→ THE TASK
Output, exactly and with no pictures, the line that contains "Рис. 4. Шаг на месте" and every line that comes after it in the data below, the last one included.

(Collected data)
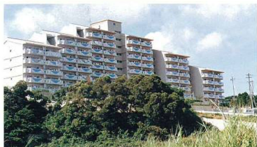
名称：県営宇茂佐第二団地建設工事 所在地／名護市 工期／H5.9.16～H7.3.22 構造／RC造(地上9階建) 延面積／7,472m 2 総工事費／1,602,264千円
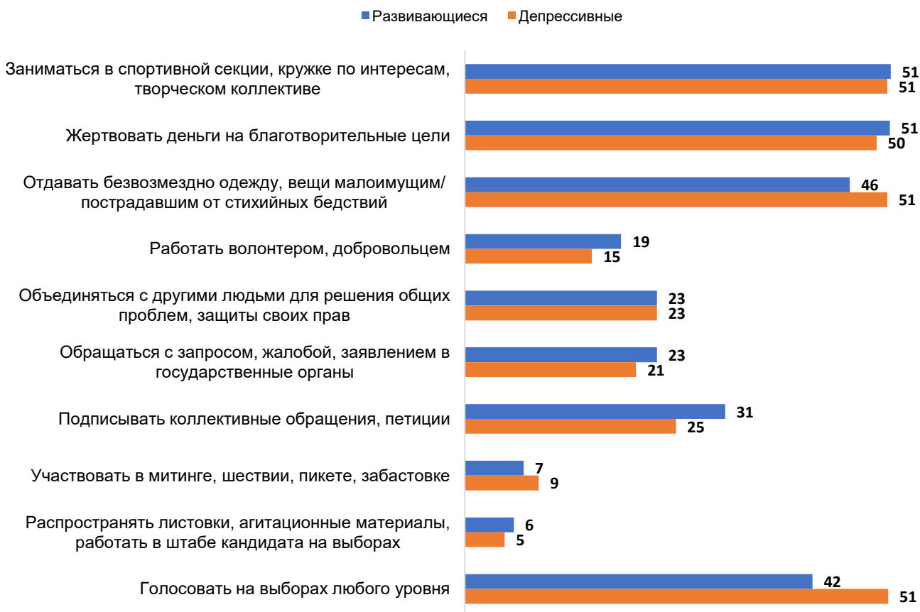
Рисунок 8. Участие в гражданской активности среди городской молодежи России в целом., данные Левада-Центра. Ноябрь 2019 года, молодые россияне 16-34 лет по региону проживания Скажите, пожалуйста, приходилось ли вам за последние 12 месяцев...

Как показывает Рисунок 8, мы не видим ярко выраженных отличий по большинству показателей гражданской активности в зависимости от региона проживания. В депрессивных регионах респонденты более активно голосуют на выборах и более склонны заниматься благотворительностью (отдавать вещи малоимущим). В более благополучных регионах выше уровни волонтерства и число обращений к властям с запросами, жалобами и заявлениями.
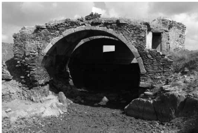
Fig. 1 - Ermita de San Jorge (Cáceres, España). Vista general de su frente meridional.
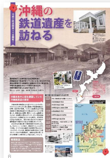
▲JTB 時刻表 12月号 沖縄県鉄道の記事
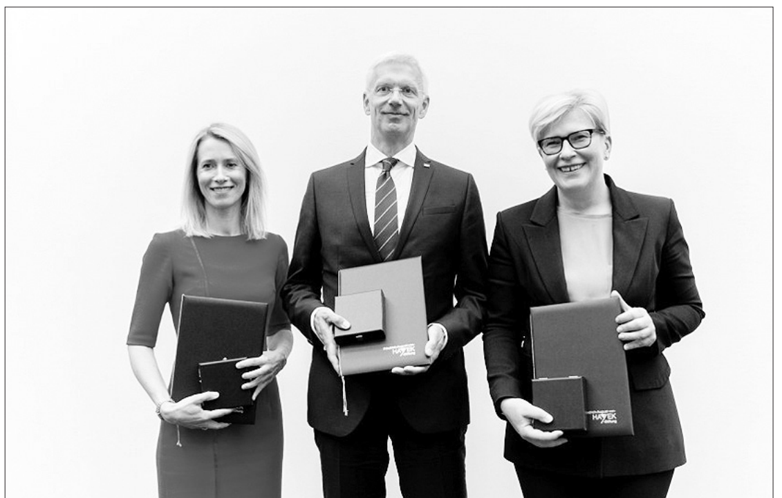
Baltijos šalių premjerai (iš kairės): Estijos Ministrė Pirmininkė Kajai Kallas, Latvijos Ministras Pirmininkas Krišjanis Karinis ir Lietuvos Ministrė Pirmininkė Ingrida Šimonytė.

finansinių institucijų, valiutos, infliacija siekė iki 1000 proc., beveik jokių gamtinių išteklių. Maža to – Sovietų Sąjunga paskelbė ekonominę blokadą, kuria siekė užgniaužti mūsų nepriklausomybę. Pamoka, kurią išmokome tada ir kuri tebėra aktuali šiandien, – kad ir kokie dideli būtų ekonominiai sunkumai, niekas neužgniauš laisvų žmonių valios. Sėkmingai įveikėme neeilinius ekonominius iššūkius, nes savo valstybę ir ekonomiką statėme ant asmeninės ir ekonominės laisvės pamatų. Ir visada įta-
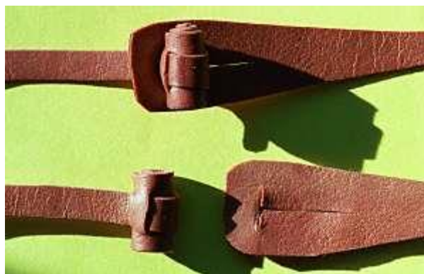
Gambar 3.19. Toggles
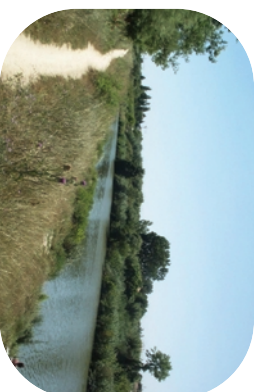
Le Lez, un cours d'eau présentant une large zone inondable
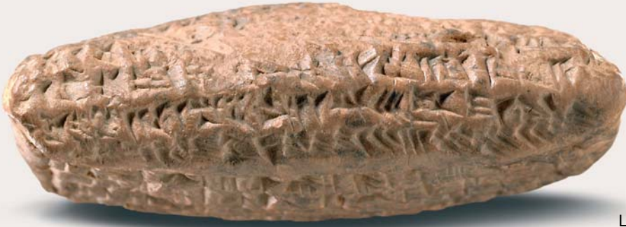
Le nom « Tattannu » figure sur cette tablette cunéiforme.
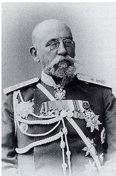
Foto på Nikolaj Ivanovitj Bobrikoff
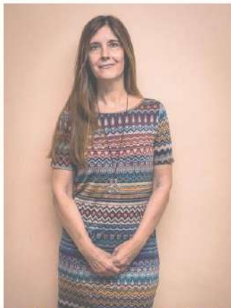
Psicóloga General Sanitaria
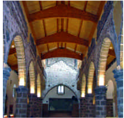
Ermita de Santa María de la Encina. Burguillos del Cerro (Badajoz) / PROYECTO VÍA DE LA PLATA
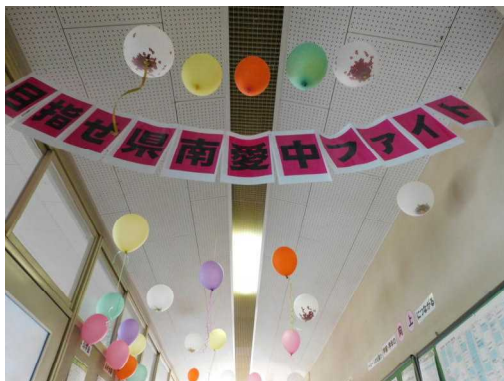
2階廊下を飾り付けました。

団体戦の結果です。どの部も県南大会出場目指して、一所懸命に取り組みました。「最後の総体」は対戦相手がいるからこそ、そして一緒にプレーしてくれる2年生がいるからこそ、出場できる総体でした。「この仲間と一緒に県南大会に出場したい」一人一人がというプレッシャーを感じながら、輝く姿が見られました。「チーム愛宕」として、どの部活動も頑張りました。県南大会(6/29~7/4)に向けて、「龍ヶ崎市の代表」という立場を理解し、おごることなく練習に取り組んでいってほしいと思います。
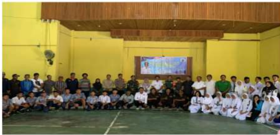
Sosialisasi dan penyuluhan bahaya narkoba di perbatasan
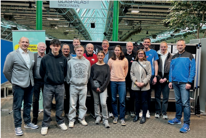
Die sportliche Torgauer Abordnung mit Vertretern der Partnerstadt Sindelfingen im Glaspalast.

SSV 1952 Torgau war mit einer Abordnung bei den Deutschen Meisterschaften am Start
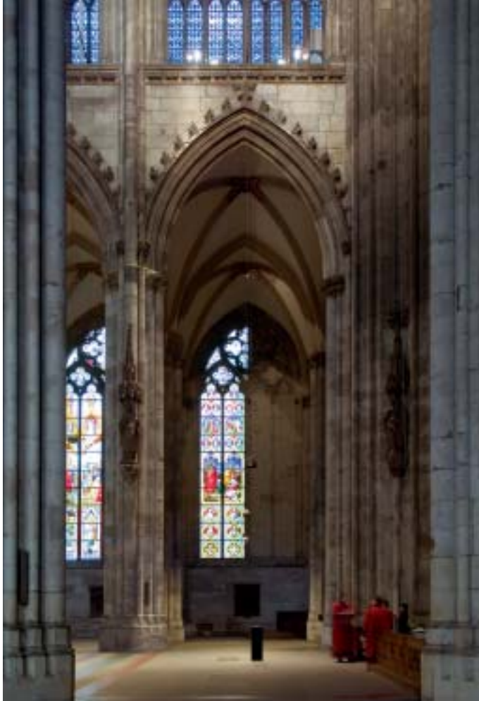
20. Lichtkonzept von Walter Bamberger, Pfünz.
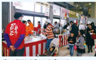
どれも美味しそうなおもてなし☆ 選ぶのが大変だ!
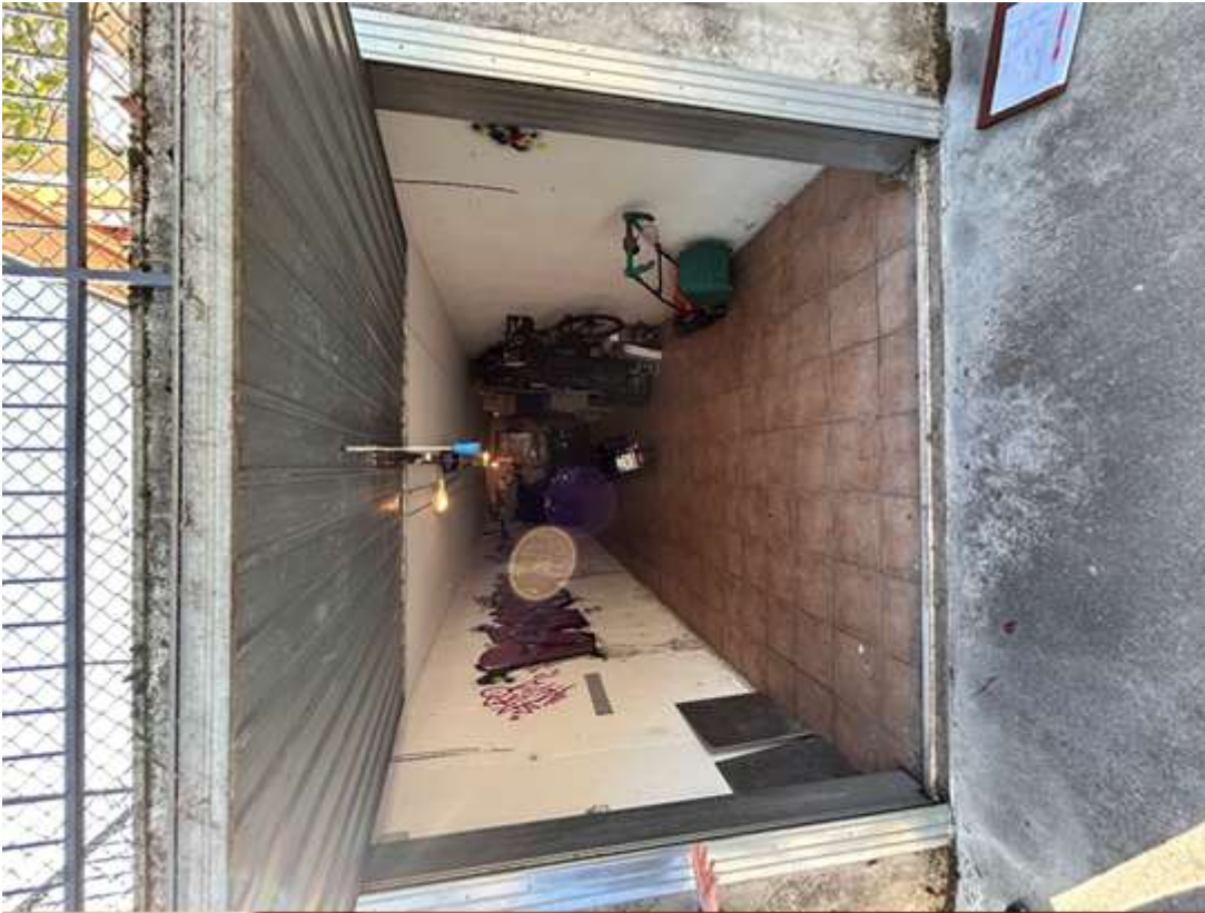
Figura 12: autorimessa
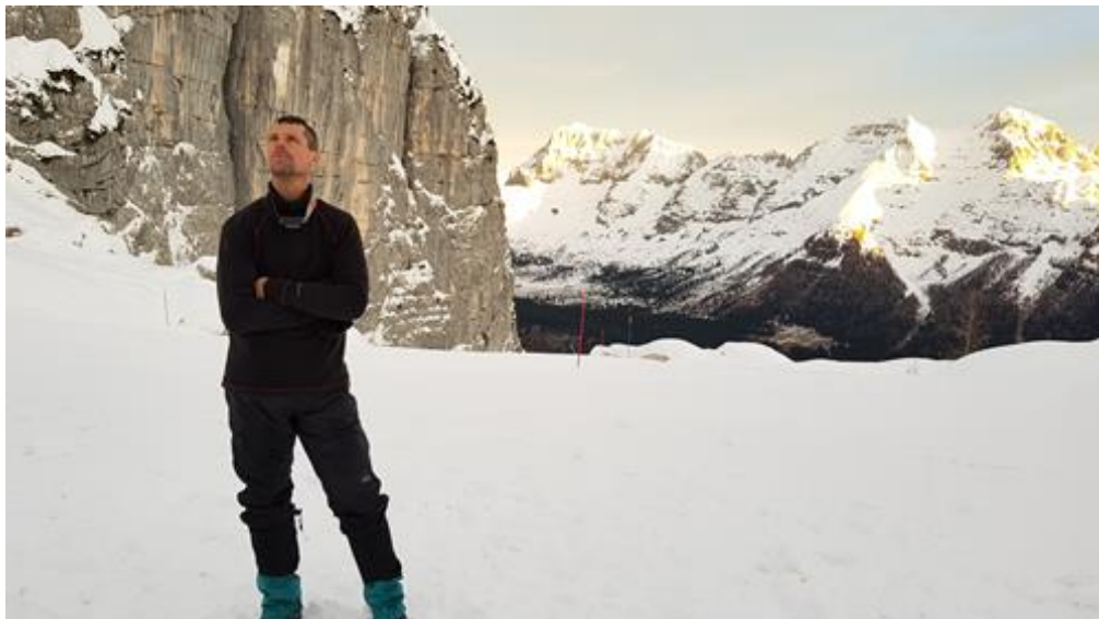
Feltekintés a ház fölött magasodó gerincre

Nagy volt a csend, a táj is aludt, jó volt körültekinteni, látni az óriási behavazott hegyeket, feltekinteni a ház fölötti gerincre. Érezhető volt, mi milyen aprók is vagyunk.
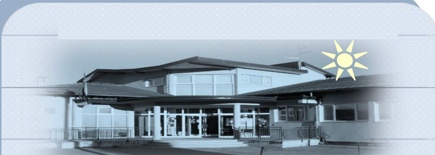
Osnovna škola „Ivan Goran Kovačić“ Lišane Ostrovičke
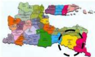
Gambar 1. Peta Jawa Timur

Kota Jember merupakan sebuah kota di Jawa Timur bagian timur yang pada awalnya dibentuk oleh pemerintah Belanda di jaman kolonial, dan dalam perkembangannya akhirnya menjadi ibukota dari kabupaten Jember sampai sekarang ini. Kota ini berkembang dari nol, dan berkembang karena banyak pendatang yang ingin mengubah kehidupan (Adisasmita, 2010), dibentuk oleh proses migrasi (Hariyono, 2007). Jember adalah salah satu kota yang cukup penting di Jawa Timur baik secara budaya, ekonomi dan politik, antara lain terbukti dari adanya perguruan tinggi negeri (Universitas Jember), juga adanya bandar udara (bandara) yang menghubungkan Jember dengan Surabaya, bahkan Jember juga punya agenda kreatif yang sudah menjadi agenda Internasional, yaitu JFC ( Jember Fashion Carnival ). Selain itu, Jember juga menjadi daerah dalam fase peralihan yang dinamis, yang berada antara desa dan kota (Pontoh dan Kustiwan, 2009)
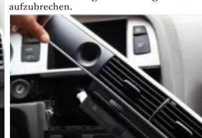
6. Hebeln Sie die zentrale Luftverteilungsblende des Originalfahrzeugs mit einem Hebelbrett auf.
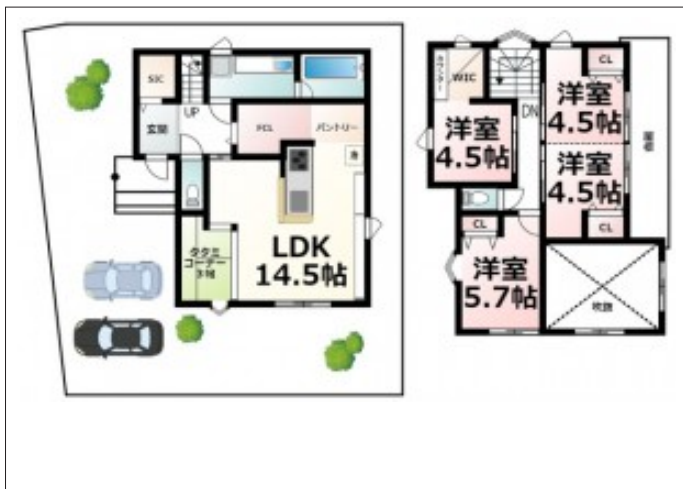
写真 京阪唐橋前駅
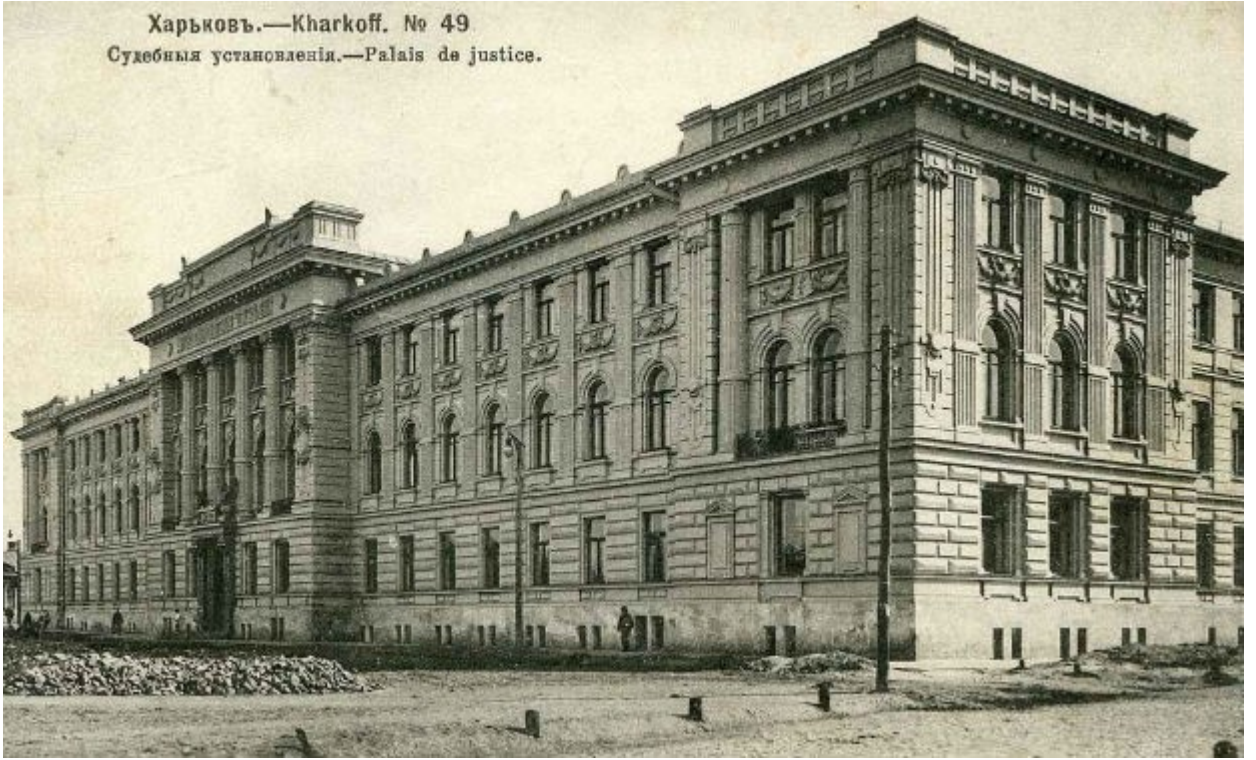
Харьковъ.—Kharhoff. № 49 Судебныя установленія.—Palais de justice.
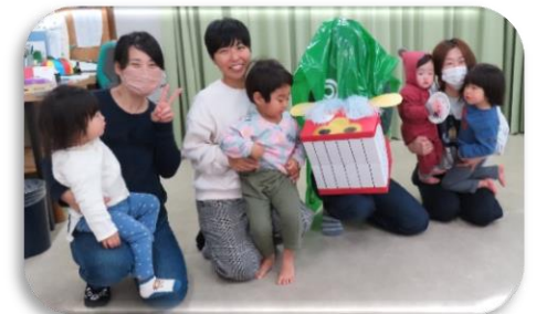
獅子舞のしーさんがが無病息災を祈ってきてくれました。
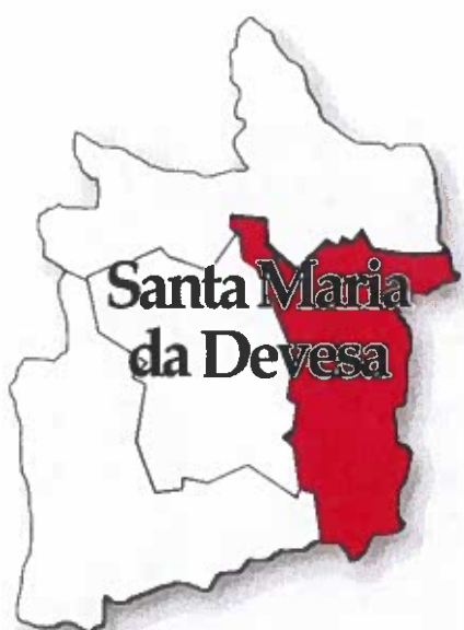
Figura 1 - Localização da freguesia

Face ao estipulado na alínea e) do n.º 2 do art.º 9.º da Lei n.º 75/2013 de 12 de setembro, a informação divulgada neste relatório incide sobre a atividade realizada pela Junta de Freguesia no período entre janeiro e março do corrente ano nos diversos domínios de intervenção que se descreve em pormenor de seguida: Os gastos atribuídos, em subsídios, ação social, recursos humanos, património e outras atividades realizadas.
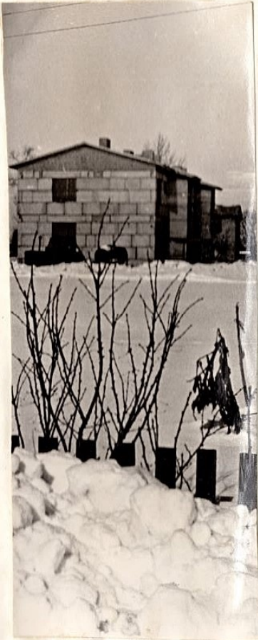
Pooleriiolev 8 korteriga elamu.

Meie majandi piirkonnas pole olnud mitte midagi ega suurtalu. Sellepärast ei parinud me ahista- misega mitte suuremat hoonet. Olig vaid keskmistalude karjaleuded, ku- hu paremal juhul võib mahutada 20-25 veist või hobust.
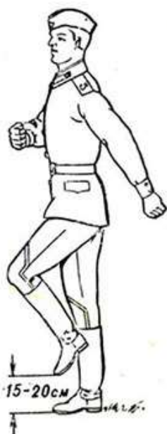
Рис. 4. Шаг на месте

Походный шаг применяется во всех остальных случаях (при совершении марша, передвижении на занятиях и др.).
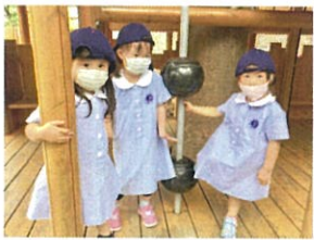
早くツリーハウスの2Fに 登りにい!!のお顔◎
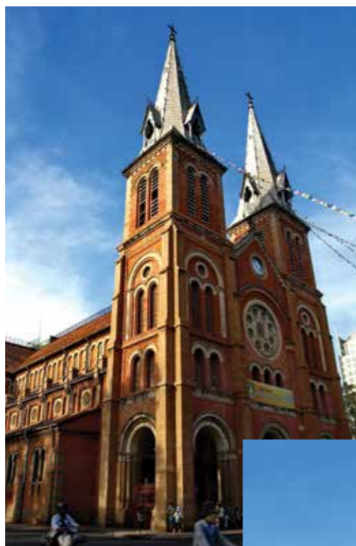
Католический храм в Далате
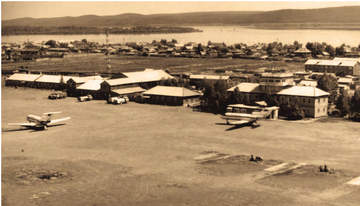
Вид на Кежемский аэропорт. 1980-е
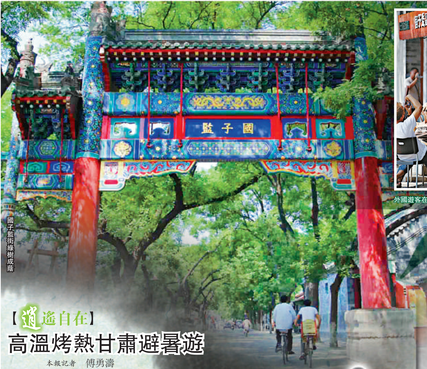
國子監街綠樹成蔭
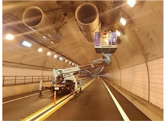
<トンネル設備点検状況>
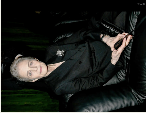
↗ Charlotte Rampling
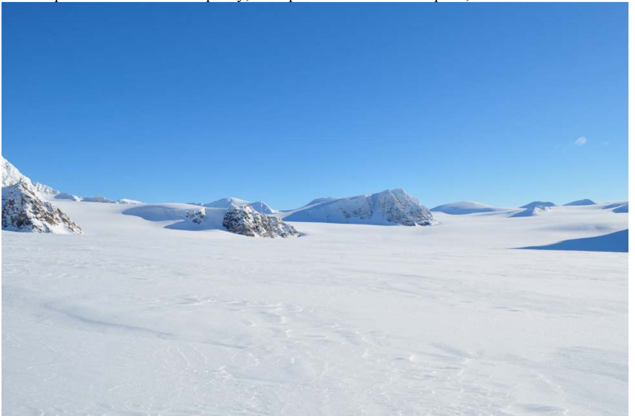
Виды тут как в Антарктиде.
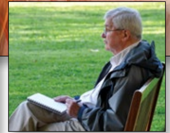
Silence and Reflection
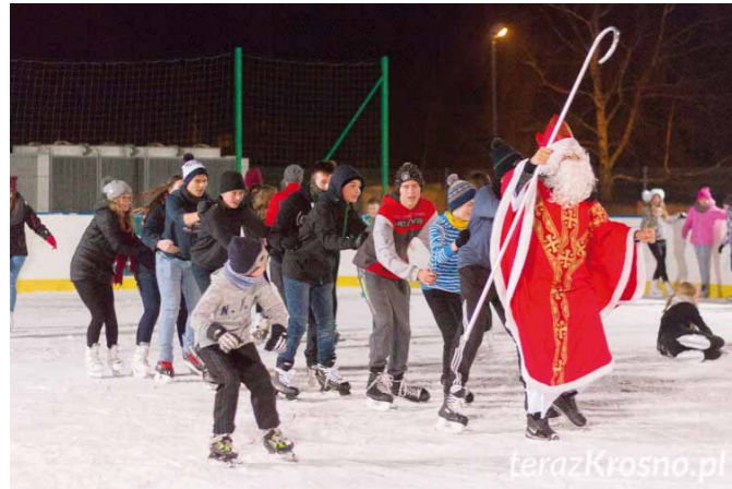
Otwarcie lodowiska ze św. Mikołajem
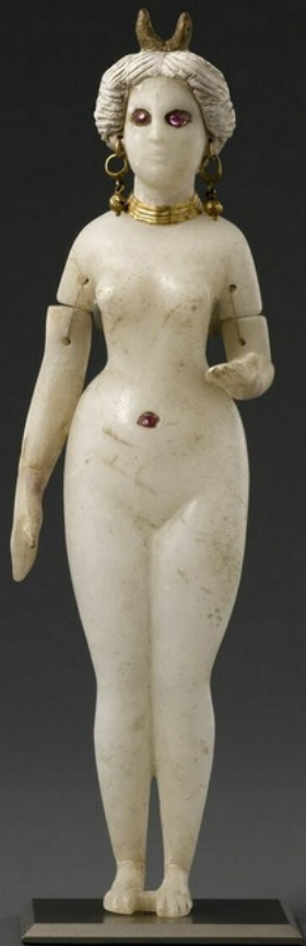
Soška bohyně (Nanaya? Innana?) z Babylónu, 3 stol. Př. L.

→ RESPONSE
Рис. 4. Шаг на месте

Походный шаг применяется во всех остальных случаях (при совершении марша, передвижении на занятиях и др.).
早くツリーハウスの2Fに 登りにい!!のお顔◎
Католический храм в Далате
Вид на Кежемский аэропорт. 1980-е
國子監街綠樹成蔭
<トンネル設備点検状況>
↗ Charlotte Rampling
Виды тут как в Антарктиде.
Silence and Reflection
Otwarcie lodowiska ze św. Mikołajem
Soška bohyně (Nanaya? Innana?) z Babylónu, 3 stol. Př. L.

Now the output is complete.